Records provided:

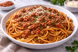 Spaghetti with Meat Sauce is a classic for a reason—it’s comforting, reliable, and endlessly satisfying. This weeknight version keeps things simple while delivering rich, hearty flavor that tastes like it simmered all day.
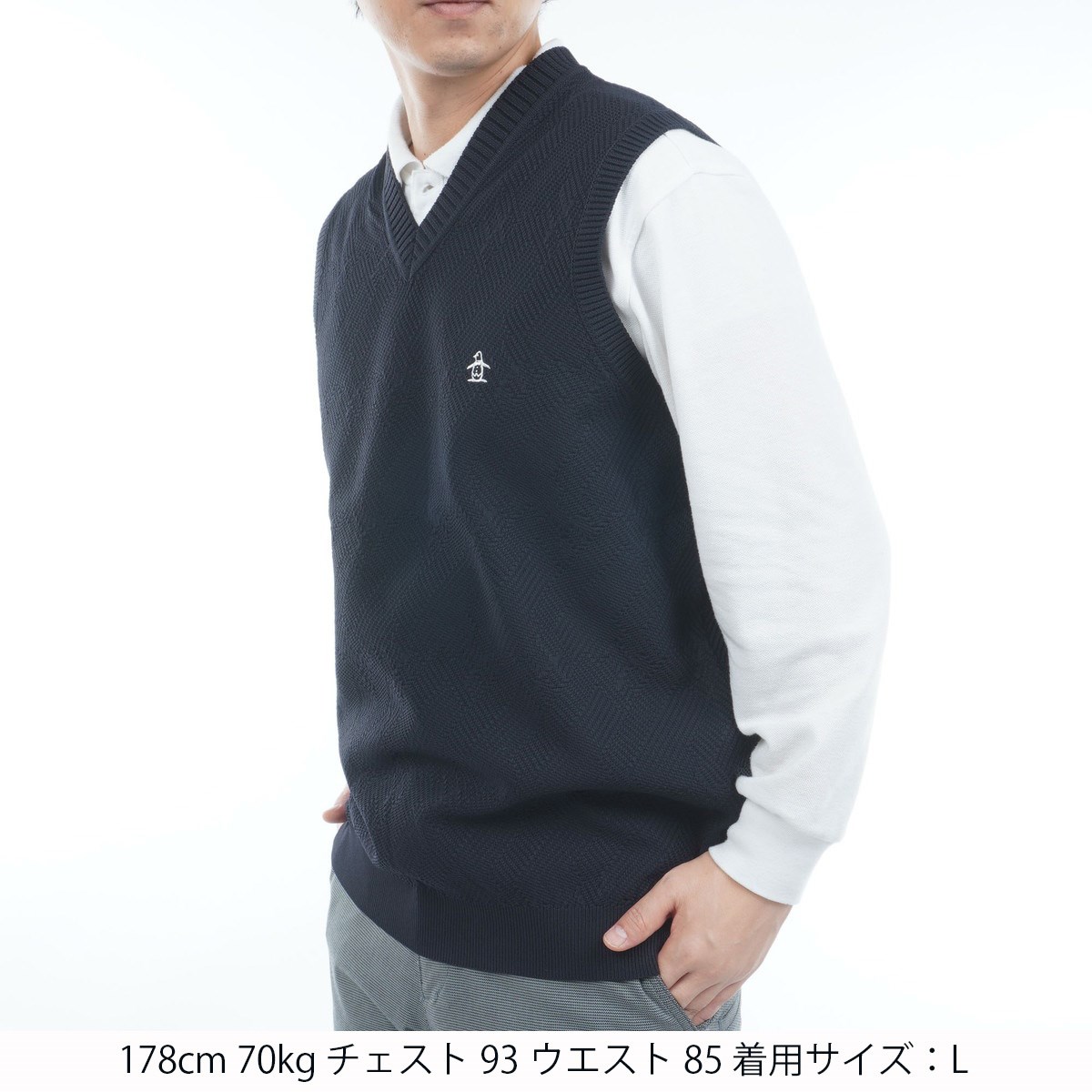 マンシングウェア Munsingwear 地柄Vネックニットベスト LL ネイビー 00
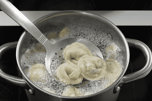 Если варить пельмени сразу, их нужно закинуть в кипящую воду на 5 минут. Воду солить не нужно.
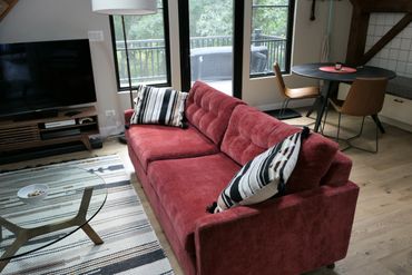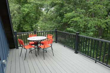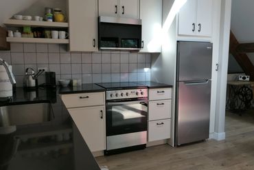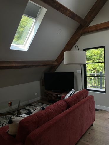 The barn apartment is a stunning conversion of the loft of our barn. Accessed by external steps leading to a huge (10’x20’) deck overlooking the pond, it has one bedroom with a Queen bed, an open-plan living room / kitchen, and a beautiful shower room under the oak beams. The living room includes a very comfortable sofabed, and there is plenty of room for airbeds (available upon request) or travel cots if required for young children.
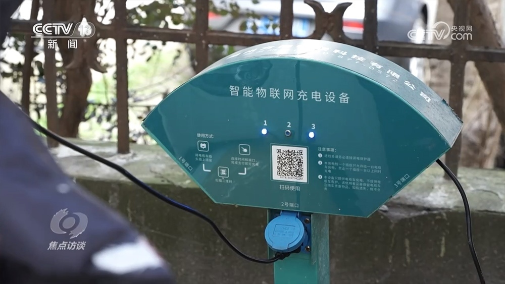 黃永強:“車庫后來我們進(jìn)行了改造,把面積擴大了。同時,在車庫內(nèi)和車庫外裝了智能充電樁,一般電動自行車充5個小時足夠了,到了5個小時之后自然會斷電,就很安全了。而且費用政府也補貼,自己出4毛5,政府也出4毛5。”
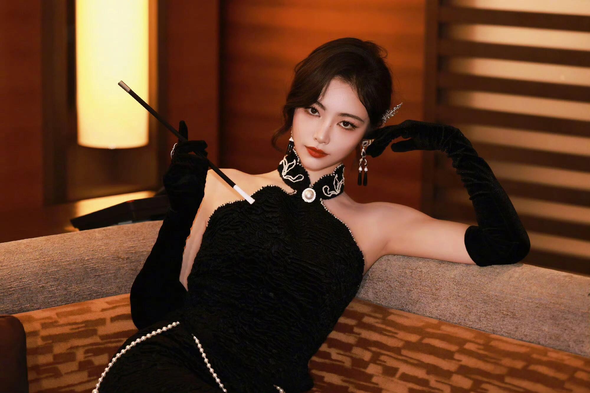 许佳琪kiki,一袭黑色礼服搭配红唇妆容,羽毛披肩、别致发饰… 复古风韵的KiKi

Exercise requirements: Reproduce the listing exactly. Leave its pictures out.

Response below:
 Spaghetti with Meat Sauce is a classic for a reason—it’s comforting, reliable, and endlessly satisfying. This weeknight version keeps things simple while delivering rich, hearty flavor that tastes like it simmered all day.
 マンシングウェア Munsingwear 地柄Vネックニットベスト LL ネイビー 00
 Если варить пельмени сразу, их нужно закинуть в кипящую воду на 5 минут. Воду солить не нужно.
 The barn apartment is a stunning conversion of the loft of our barn. Accessed by external steps leading to a huge (10’x20’) deck overlooking the pond, it has one bedroom with a Queen bed, an open-plan living room / kitchen, and a beautiful shower room under the oak beams. The living room includes a very comfortable sofabed, and there is plenty of room for airbeds (available upon request) or travel cots if required for young children.
 黃永強:“車庫后來我們進(jìn)行了改造,把面積擴大了。同時,在車庫內(nèi)和車庫外裝了智能充電樁,一般電動自行車充5個小時足夠了,到了5個小時之后自然會斷電,就很安全了。而且費用政府也補貼,自己出4毛5,政府也出4毛5。”
 许佳琪kiki,一袭黑色礼服搭配红唇妆容,羽毛披肩、别致发饰… 复古风韵的KiKi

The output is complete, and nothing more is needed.